Video released Wednesday shows the mid-air collision between a ground-based interceptor launched from Southern California and a simulated warhead fired from the Pacific Ocean.
The test, the first of its kind in nearly three years, was designed to prepare for any North Korean intercontinental ballistic missile strike and marked a key milestone in the U.S. missile defense system's development. The interceptor was launched from Vandenberg AFB at midday and targeted a simulated incoming warhead launched from the central Pacific Ocean.
The interceptor struck the simulated ICBM, launched from a test range on Kwajalein Atoll in the Pacific, as it traveled outside the Earth's atmosphere. Video released Wednesday by the U.S. Missile Defense Agency shows both launches and the impact.

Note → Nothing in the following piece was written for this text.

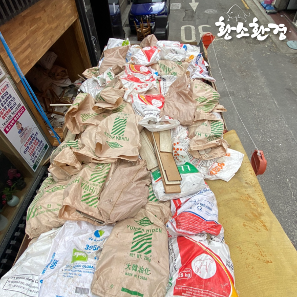 현장에 도착하니 폐기물을 정리하여 전부 마대 자루에 넣어두셨는지,

The test was planned amid what are regarded as provocations by North Korea, which, as of last week, has carried out three missile tests in three weeks. The most recent North Korean test involved a short-range ballistic missile that traveled about 250 miles before splashing down in Japan's "exclusive economic zone" near the coast.
North Korean leader Kim Jong Un has vowed to deploy a nuclear-armed missile capable of reaching American territory. The North Koreans have not yet tested an intercontinental ballistic missile.
The American interceptor has an uneven track record, having succeeded nine times out of 17 attempts against missiles in test since 1999, although the most recent test — in June 2014 — was a success. A test failure would have raised new questions about the defensive system, but wasn't likely to compel the Pentagon to abandon expansion plans.
The Pentagon is still incorporating engineering upgrades to a missile interceptor that has yet to be fully tested in realistic conditions.
The U.S. defense system has roots in President Ronald Reagan's efforts to develop a response to ballistic missile threats during the Cold War, when tensions were high between the U.S. and Soviet Union. It has been in place since 2004 and never used in combat or fully tested.
The U.S. has interceptors based at Fort Greely in Alaska and four at Vandenberg AFB, about 170 miles northwest of Los Angeles.